На ряду с „Историей“ кн. Мышецкого использовал Гоголь при переработке „Тараса Бульбы“ еще два сборника украинских песен — М. Максимовича[17] („Украинские народные песни, изданные Михаилом Максимовичем“. Часть первая, М., 1834) и Пл. Лукашевича („Малороссийские и червонорусские народные думы и песни“, СПб., 1836), в особенности последний, откуда, например, заимствован весь вставной эпизод с историею Мосия Шила, попавшего в турецкий плен, обусурманившегося и затем освободившего всех казаков-невольников и с ними вместе вернувшегося обратно на родину (Дума про Самійла Кішку). Гоголь довольно близко следует думе и в описании самого Шила (в думе — Кішка), который
Потурчився, побусурманився
Для панства великого
Для лакомства нещасного… (15–16), и в развитии сюжета. Новым, по сравнению с думой, явилась в передаче Гоголя дальнейшая судьба Шила — по возвращении его на Сечь (в думе Кішка погибает в бою) и позднейшая его смерть в бою под Дубном.
Другая дума сборника Лукашевича — про Ивася Коновченка — послужила Гоголю источником нескольких деталей второй редакции повести. Повидимому, отсюда заимствован клич есаулов на рынках и площадях: „Эй, вы, пивники, броварники! полно вам пиво варить, да валяться по запечьям, да кормить своим жирным телом мух“ и т. д. (39).

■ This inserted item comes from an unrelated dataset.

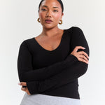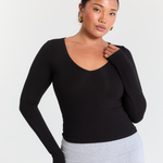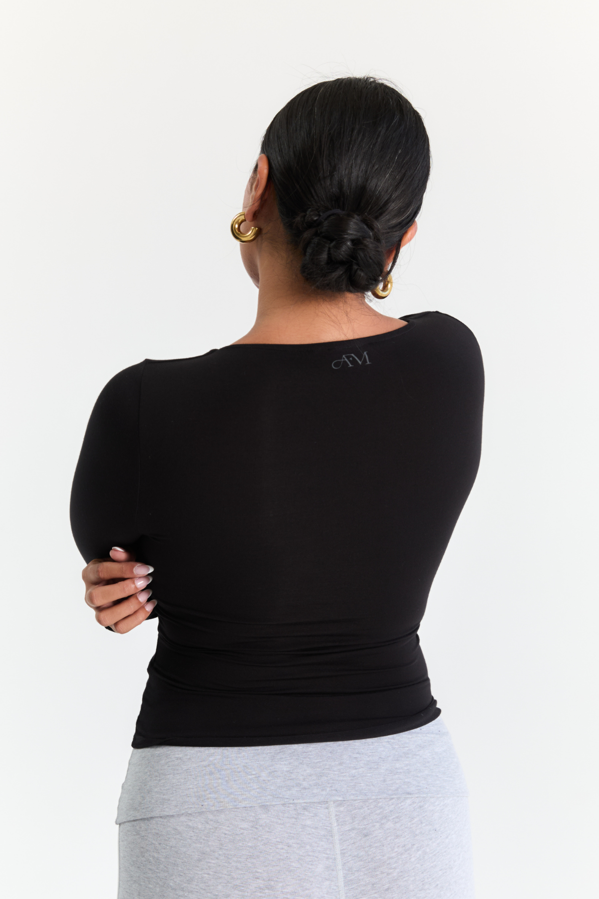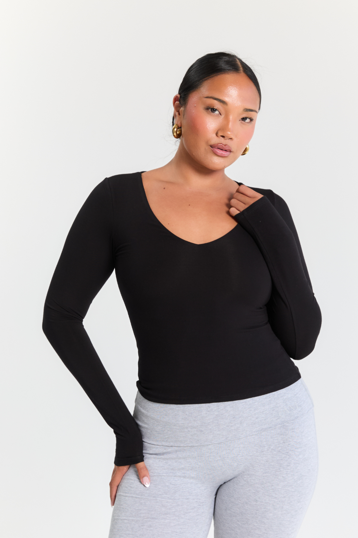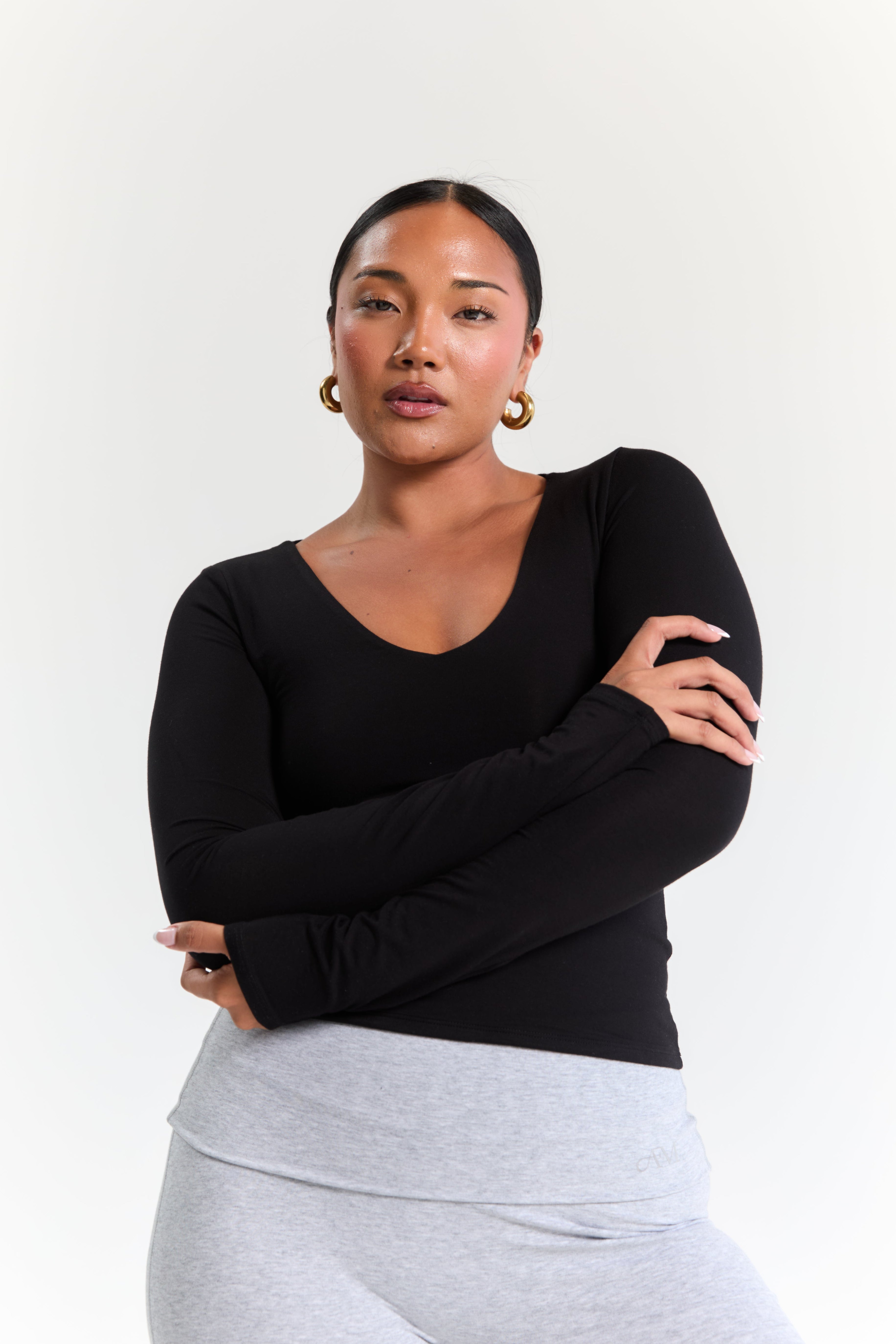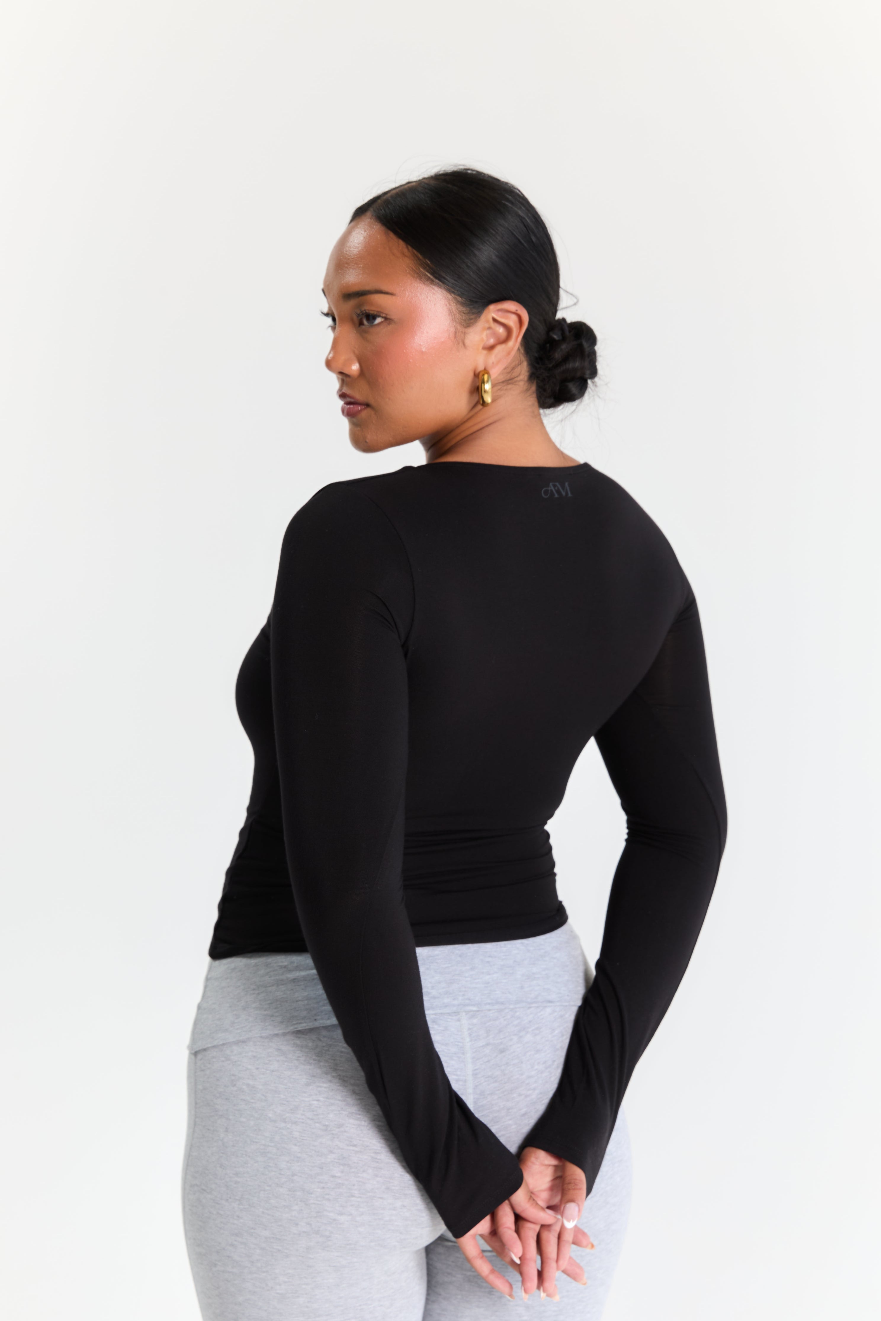Our core long sleeve in Black has been crafted using a breathable, cotton fabrication with a double-lined front layer for a flattering fit. This style doesn't compromise on comfort - a trans-seasonal staple to add to your core collection.

В думе Корсунский полковник „кликне-покликне“:
„Ви грубники, ви лазники,
Ви броварники, ви винники:
Годі вам у винницях горілок курити
По броварнях пив варити,
По лазнях лазен топити,
По грубам валятися. —
Товстим видом мух годувати,
Сажі витирати;
Ходімте за нами на долину Черкень погуляти!“ (37)[18]
Пример более сложного использования Гоголем песенного материала дает лирическое отступление о старой матери, ищущей среди прохожих „одного, милейшего всех“ (137). В той же думе про Ивася Коновченка упоминается о матери Ивася — вдове, которая
На базар выхожала, и которая в надежде встретить сына бежит навстречу войску.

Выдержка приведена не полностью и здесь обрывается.